Once sandboxes become cheap and reliable, you do not have to think of them as one agent working in one environment. You can run multiple isolated sandboxes at the same time.

One sandbox can try one implementation branch. Another can try a different approach. A third can run tests or check for regressions. None of them pollute each other’s workspace, and the system can compare the results before deciding what to keep.

This matters because software work is often exploratory. There are usually multiple ways to fix a bug, refactor a module or design an API. Parallel sandboxes let agents try those paths side by side instead of one after another.

This is where sandboxing stops being just a safety layer. It becomes a way to make agents faster, more reliable and less afraid to experiment.

Why Containers work locally, but do not solve everything

For local development, a containerized sandbox is the obvious starting point.

Docker is the most familiar version of this. It is quick to spin up, easy to clean up and gives enough isolation without adding the overhead of a remote setup. Since everything runs locally, latency between the agent and the sandbox is minimal. Commands execute fast and file changes feel instant.

The important part is that the container is write-capable. Modern coding agents are not just answering questions anymore. They are modifying files, creating branches, running tests, and validating changes. They need a workspace they can actively work in.

For an individual developer or a medium-sized repo, this works well. But once teams start running many agents, working with larger repositories, or delegating heavier tasks, the developer’s machine becomes a bottleneck. Your laptop should not be the limiting factor deciding whether an agent can finish a long-running refactor.

That is why the sandbox backend needs to be pluggable.
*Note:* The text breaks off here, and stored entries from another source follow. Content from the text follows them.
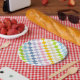 Plato De Papel Arcoiris pastel bajo control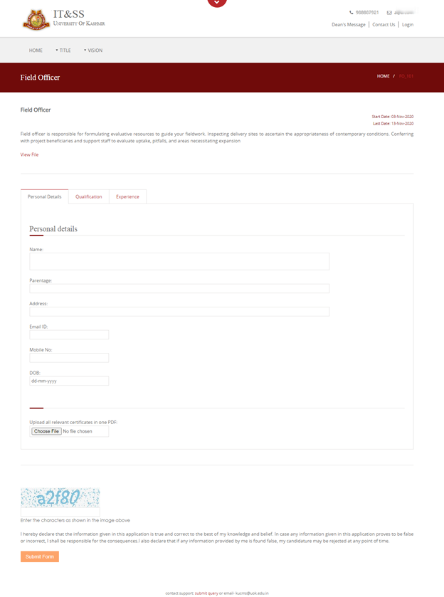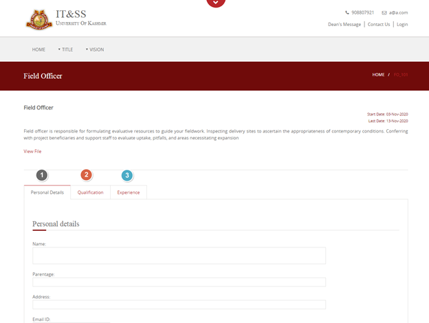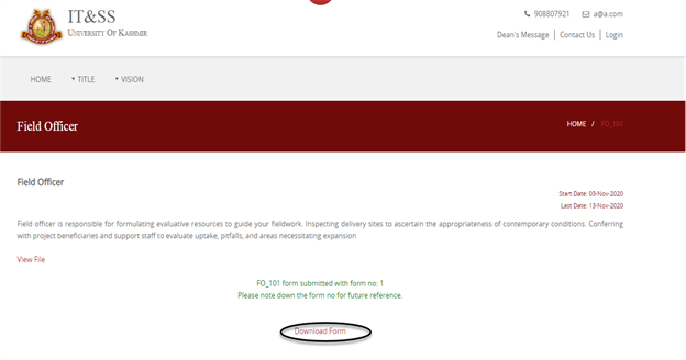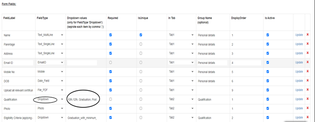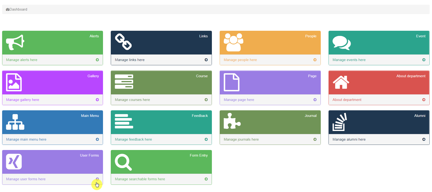 User form is a feature in Content Management system, which allows the department to create a form for gathering any kind of data from the users on the website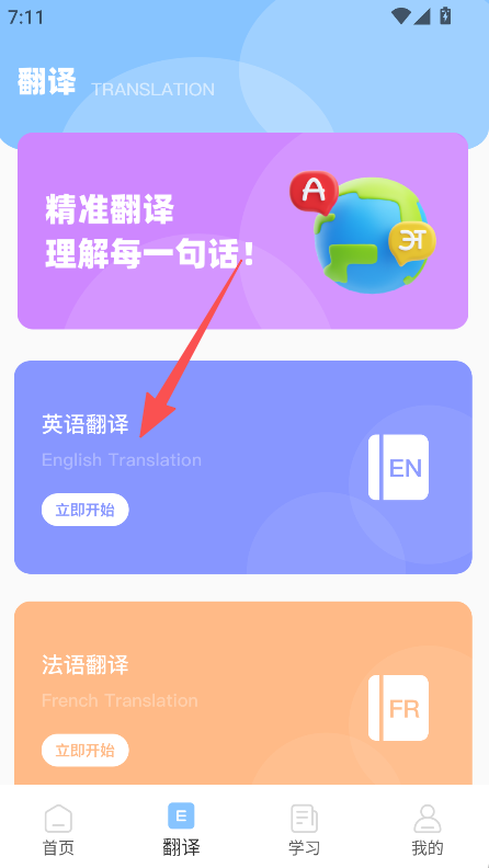 1、进入翻译板块,选择英语或法语翻译,输入内容点击翻译。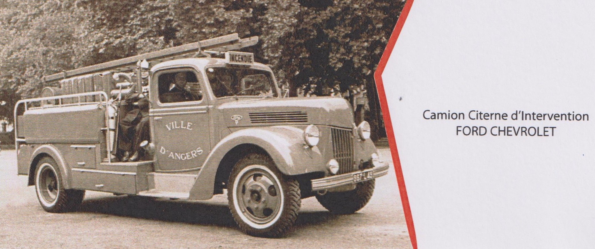 La publication le 05 novembre dernier du CCI Ford F 798 du Haut Rhin me fait penser qu'il a existé une autre rareté sur ce type de châssis, le camion citerne pour feux d'hydrocarbures produit par Froger. Je n'en connais que deux photos dont celle-ci issue d'une plaquette de présentation du matériel du CSP Angers. Ce camion était encore opérationnel dans les réserves (Angers Académie maintenant) en 1969. ![]() |
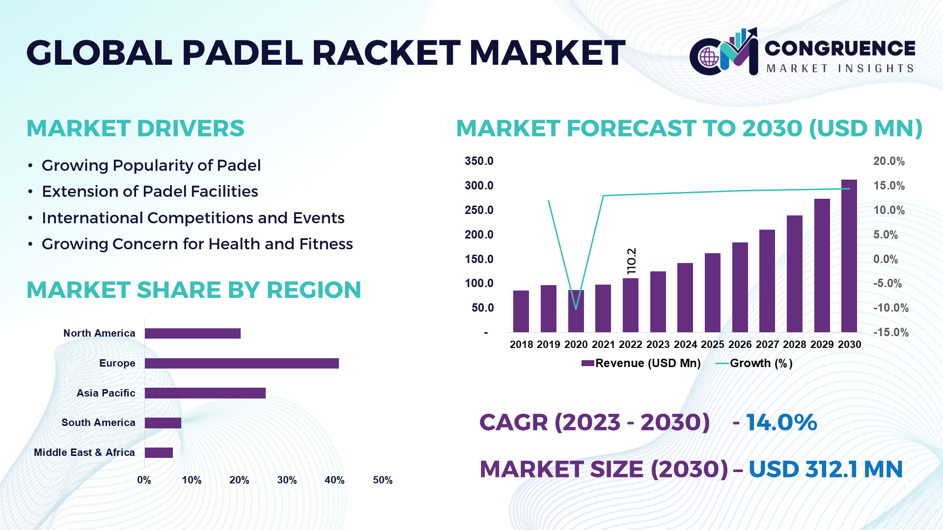 The Global Padel Racket Market was valued at USD 110.2 Million in 2022 and is anticipated to reach a value of USD 312.1 Million by 2030 expanding at a CAGR of 14.0% between 2023 and 2030.
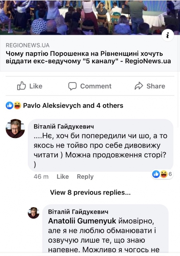 Який, до речі, у себе на ФБ у розмові з рівненським відомим журналістом Анатолієм Гуменюком щодо зазначеної статті дав зрозуміти, що для нього всі такі розмови – дивина, новина та несподіванка: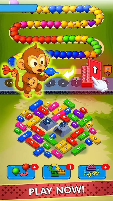 你的主要任务?在生存的前提下,尽可能多地戳破气球。戳破的气球越多,获得的积分就越多——你就越接近解锁新的猴子、特殊香蕉类型、强化道具和疯狂服装。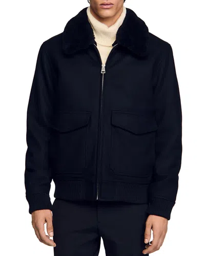 Sandro Aviator Jacket.Color:Black.Size:XS.Material:Main fabric: 70% wool/20% polyamide/10% cashmere; lining: 100% viscose; real sheep shearling trim, origin: Australia, dyed.Jackets.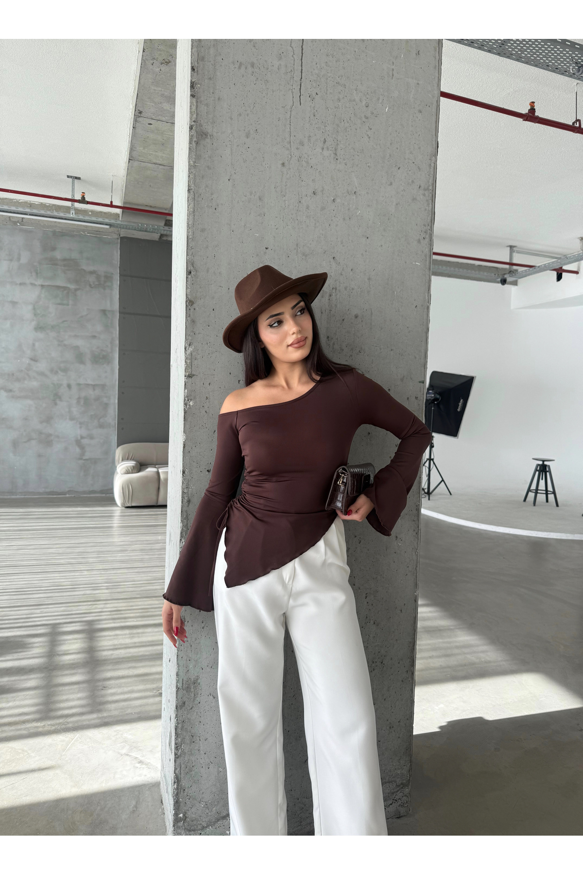 ÇAPRAZ KESİM ASANSÖRLÜ İSPANYOL KOL BLUZ ÇAPRAZ KESİM ASANSÖRLÜ İSPANYOL KOL BLUZ EY10040 L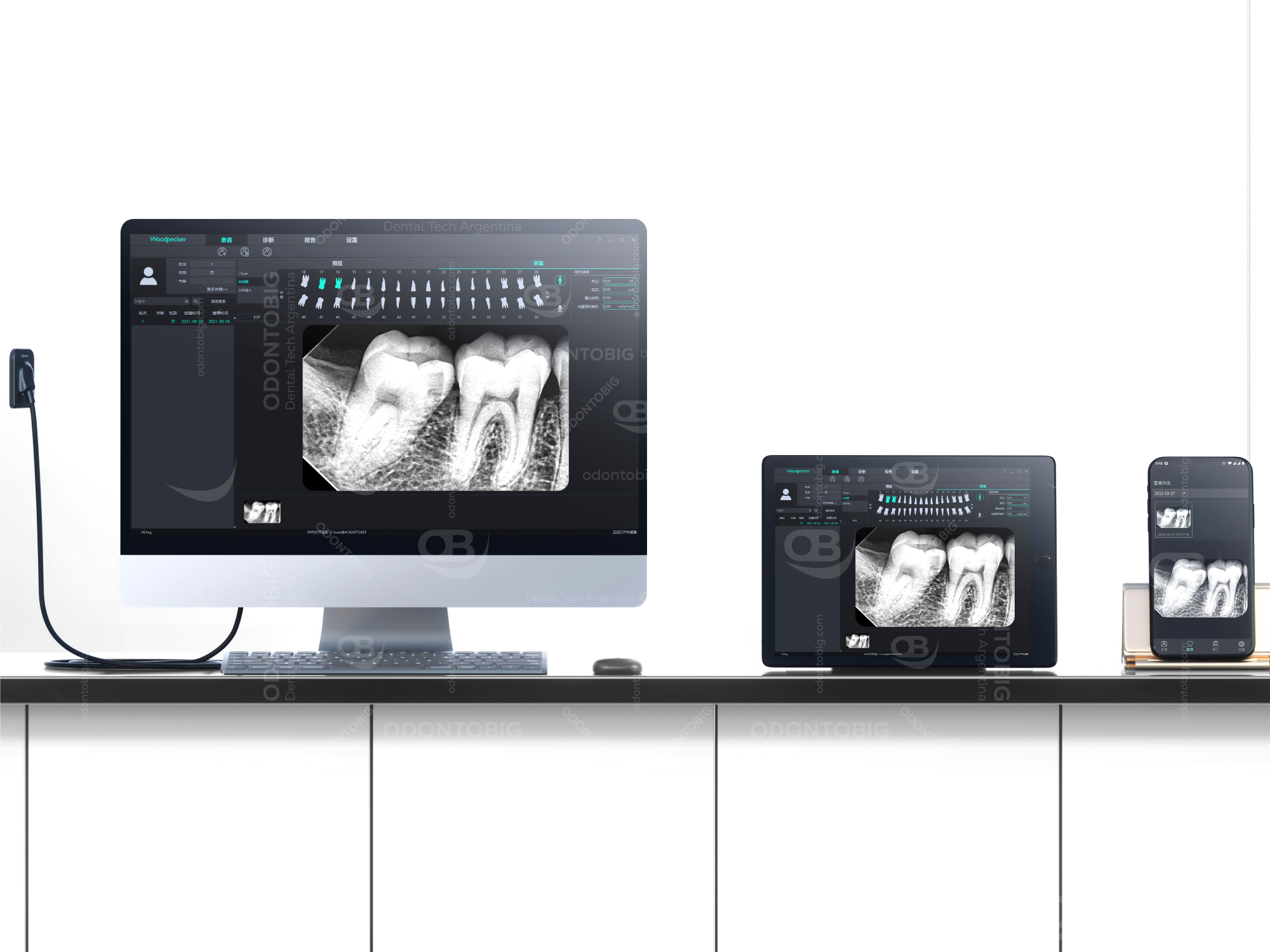 A eso se suma el ecosistema Ai-Dental, una plataforma con inteligencia artificial que permite adquisición, visualización, almacenamiento, administración de pacientes, administración de estudios, procesamiento de imagen, mediciones, calibración y generación de reportes en PDF.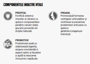 80% proteină animală din total proteină (60% pasăre extra proaspătă, 15% pește, 5% gelatină)
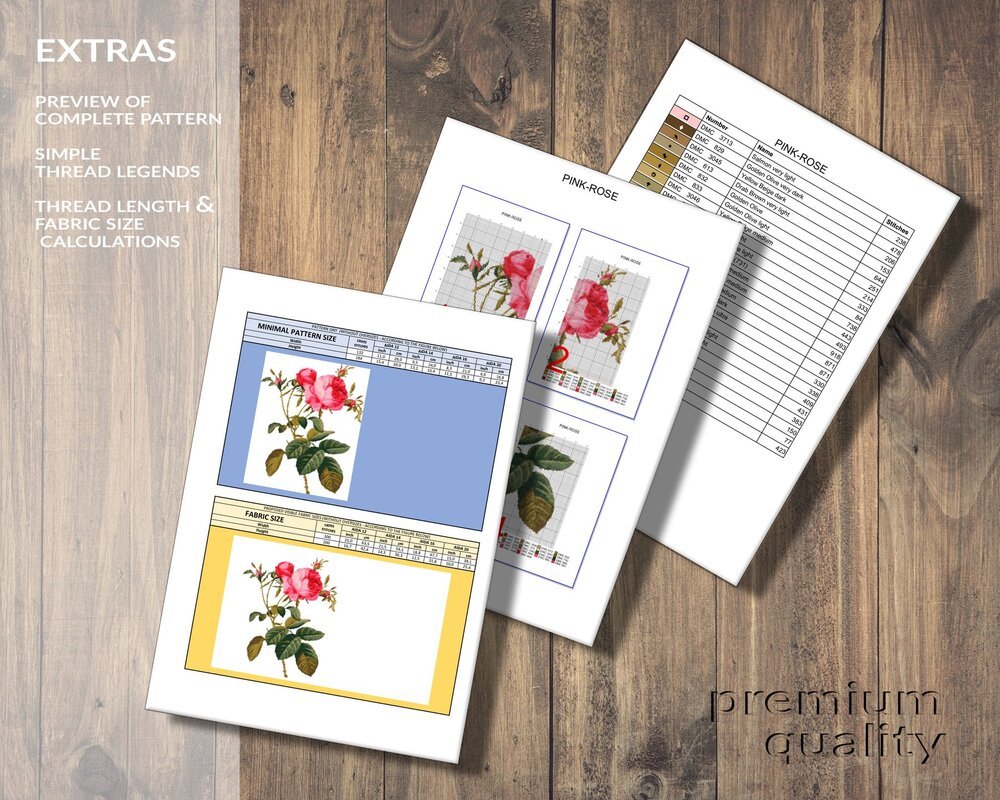 You get ready-made cross stitch patterns and calculations of thread lengths and fabric sizes for 12ct, 14ct, 16ct and 20ct: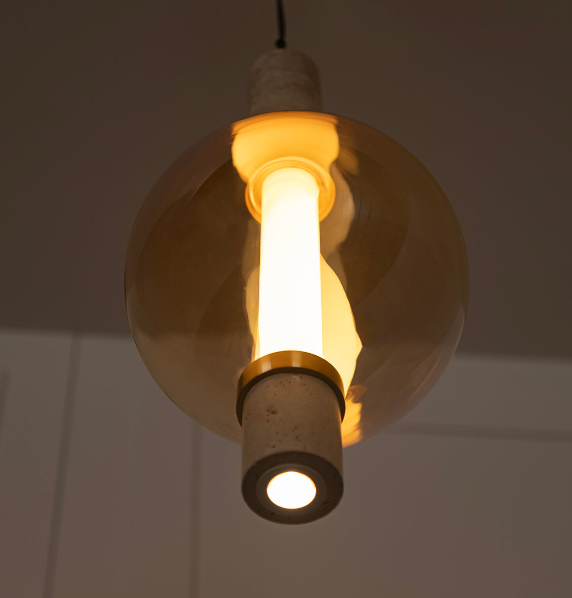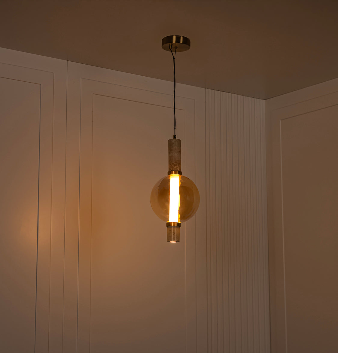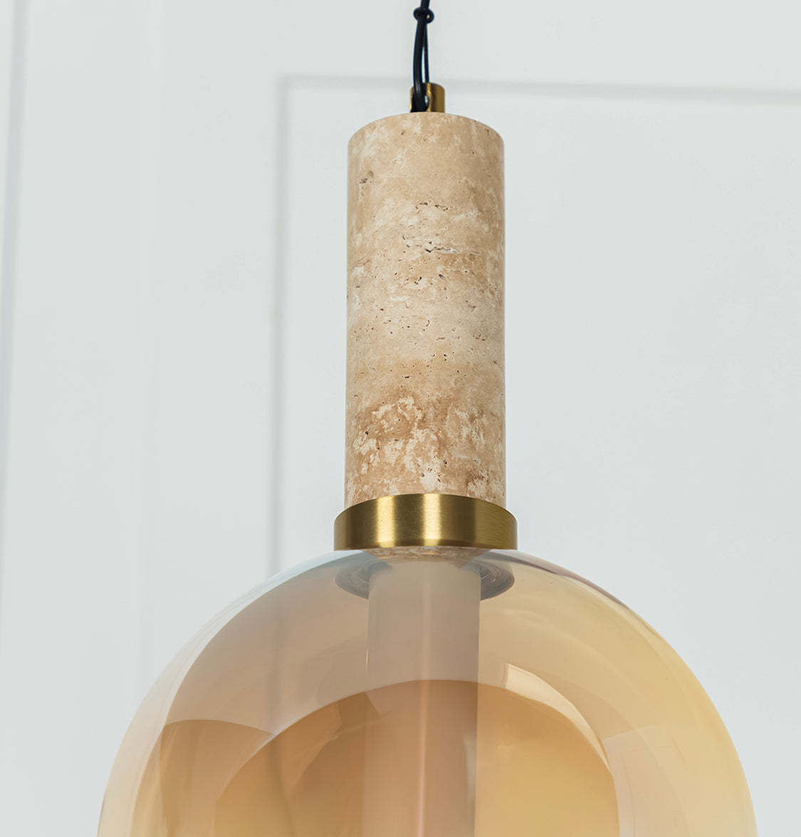 Siena Tekli Sarkıt, doğal traverten taşı ve bal camın dengeli birlikteliğiyle, modern iç mekanlara zarif bir karakter kazandırır. Dikey silindirin ortasında yer alan bal cam küre, ışığın hem yansımasını hem de yumuşak bir geçişle yayılmasını sağlar.

Making Sandbox backend pluggable by design

Once local containers stop being enough, the temptation is to pick one self-contained sandbox backend and build everything around it.

That works for a while, but it does not scale across different teams. A small team may care most about fast local execution. A larger team may need stronger isolation. Enterprises may need shared storage and persistent remote workspaces that are not tied to a single developer’s machine.

So the agent should be agnostic to the sandbox underneath. Docker can be the fast local default, Daytona can handle managed remote sandboxes, NFS can support teams running many agents at scale, and E2B can slot in as another managed backend when needed.

The agent should talk to one clean interface. The backend becomes a deployment choice, while the agent logic stays stable.

From Supervision to Delegation

The sandbox may look like a backend detail. For coding agents, it becomes part of the agent contract. It defines where edits live, how commands run, what state survives, which secrets are available, and what should happen when execution fails. Those details matter because the agent works across a longer chain of actions: reading tool output, making partial edits, retrying failed steps, installing dependencies, and sometimes continuing through long-running loops.

That is why the sandbox has to be designed around agent-specific failure modes. If the runtime disappears, the workspace should remain intact. If a command environment breaks, it should be possible to replace it without losing the task. If a workflow needs stronger isolation, the backend should be able to change without forcing the agent logic to change with it. The system should handle this complexity in the sandbox layer, where workspace state, execution, and access can be managed deliberately.

Docker, Daytona, NFS, and E2B are useful because they answer different parts of this architectural requirement. One team may need fast local execution, another may need persistent remote workspaces, and another may care most about stronger isolation or shared storage. A stable sandbox interface keeps the agent logic independent from those deployment choices, while the backend is selected based on the task, the team, and the level of isolation required.

Once that layer exists, delegation changes shape. Developers can define the boundary the agent operates inside: what it can access, where it can run, what state is durable, and how failures are recovered. The agent gets a consistent place to work, and the system keeps that work contained enough to be trustworthy.